How diverse initiatives will come together
Published: 12 Nov 2003 13:45 GMT
United they stand
If companies are already creating interfaces into their systems that allow the systems to talk to each other, (EAI) then shouldn’t the portal be able to leverage those investments? And if companies have invested in combining data from these systems into analysis cubes, then doesn’t it make sense to allow portals to use this data as the basis for their reporting functions? Of course it does. But the Devil’s in the details. Unless the EAI product (or products) exposes their interfaces in a way that a portal product can consume them, then the work will have to be duplicated. And the BI initiative will have to produce a data warehouse that has not only the data needed by the portal but some "intelligence" about who can consume that data and under what circumstances.

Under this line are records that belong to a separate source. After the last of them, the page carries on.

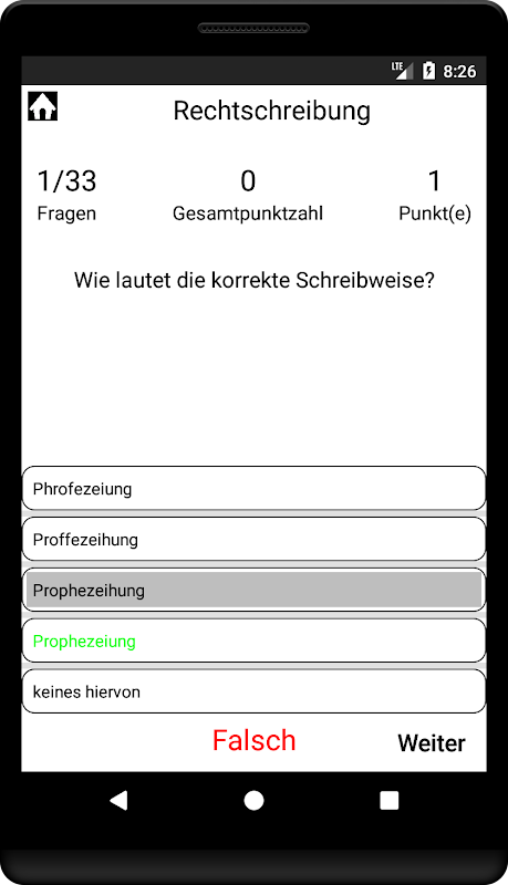 2.您還可以在菜單項“測試考試”下對所有主題進行考試。這裡,隨機生成器選擇了50個問題。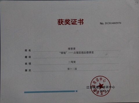 缪菁菁老师的论文《让“情境”——点缀思想品德课堂》在省“蓝天杯”论文评比中荣获三等奖
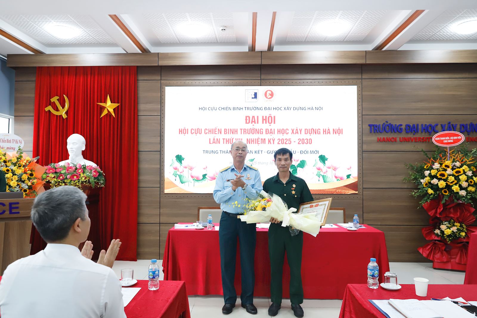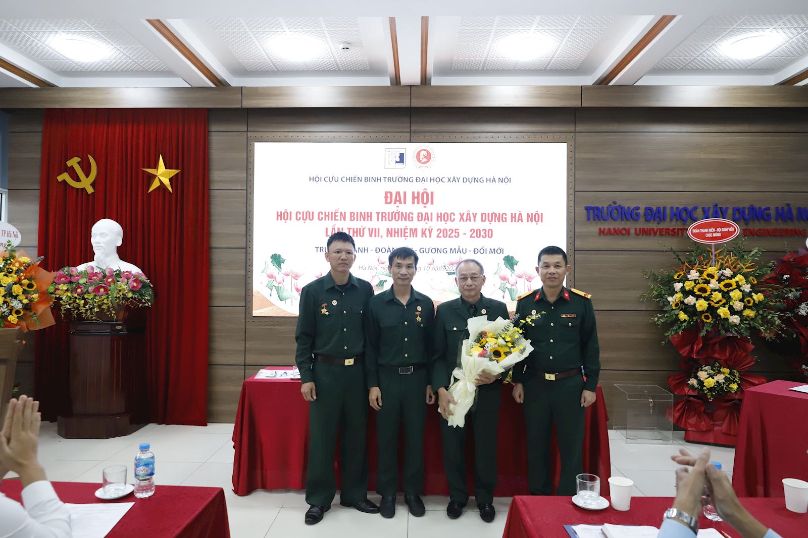 Ban Chấp hành Hội CCB Trường, nhiệm kỳ 2025-2030 ra mắt Đại hội, nhận hoa chúc mừng của đại diện hội CCB TP. Hà Nội và Trường ĐHXDHN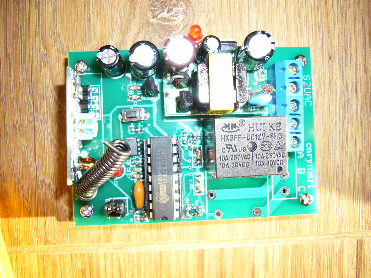 Ce module est de type RF (Radio Fréquence), il fonctionne en 220 volts. Je l’ai trouvé sur la baie chez Carymart. Coût de l’ensemble, 31 € frais de port inclus. Il en existe une multitude, 9 V, 12 V, 24 V, 220V, 1, 2 ou 3 voies…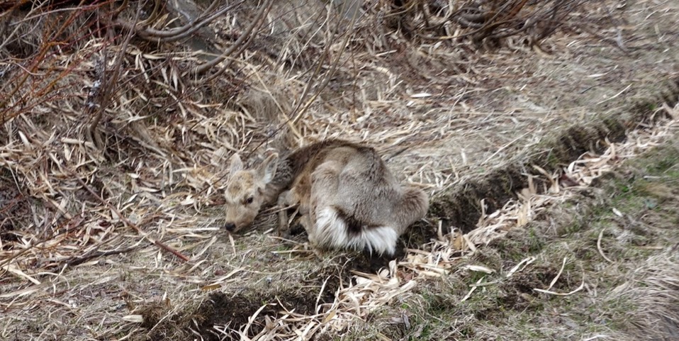 半路上还碰到根本就是保护色装扮的小鹿(?),我觉得他受伤了,所以趴在那边,可是靠近他又还能走跳,希望他没事。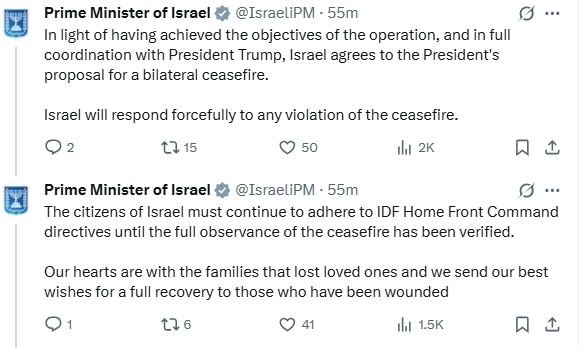 北京时间下午3点08分,以色列官方账号发文称:“鉴于已经实现了行动目标,并与特朗普总统充分协调,以色列同意总统关于双边停火的建议。”
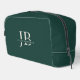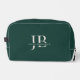 Un elegante look clásico en verde oscuro y beige marfil, este neceser personalizado es un regalo maravilloso para ti mismo. Tiene grandes iniciales de monograma para personalizar con sus iniciales deseadas y también el nombre escrito en la elegante cara de tipo serif. Es una gran opción para viajar u organizar sus productos de aseo en casa.
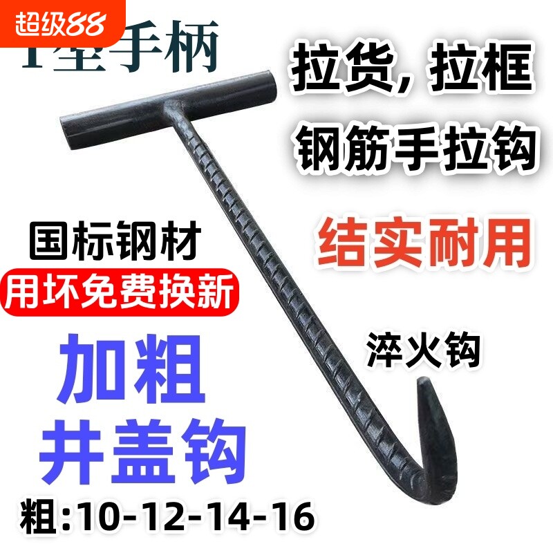 📚 T型井盖钩子起下水道盖勾开工窨井盖钩菜篮子拉货钢筋螺纹钢锻打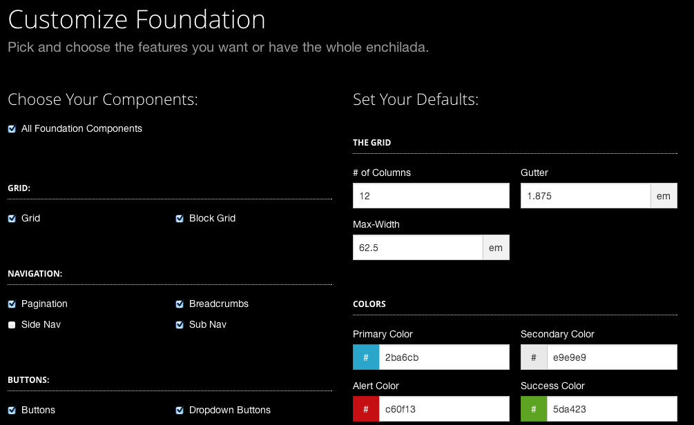 animations, alerts, buttons, columns, grid, icons, colors, form elements, heading, lists, PARAGRAPHS, tables, typography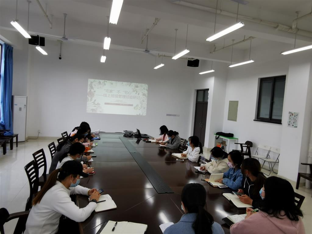 2020429日,春意阑珊时节,姗姗来迟的学期已开始半月,线上教学告一段落,翠竹中学青年教师劲节营全体成员在一楼会议室开展“‘宅家’不‘宅心’——线上班级管理经验探讨”活动。

This is one of the areas where Web services will make a big impact over the next 18 months. Every major EAI vendor built its packages on proprietary mechanisms in order to get to market faster. But as Web services begin moving from drafts to approved standards, these same EAI vendors are recognising that unless they support Web services interfaces to the processes they control, then companies will either "roll their own" or move to other products that do support them. And the BI vendors are starting to recognise that their reporting tools have to support Web services interfaces, and their data stores have to be able to deliver data via a Web services call. As standard interfaces to common business processes (EAI) and the data they produce (BI) emerge, then the Portal becomes the unification point through which the information is distributed to the entity (Employee, Vendor, or Customer) that can make the timeliest use of it. So now the race is on to see which vendor can offer the most compelling combination of technologies to deliver this unified solution.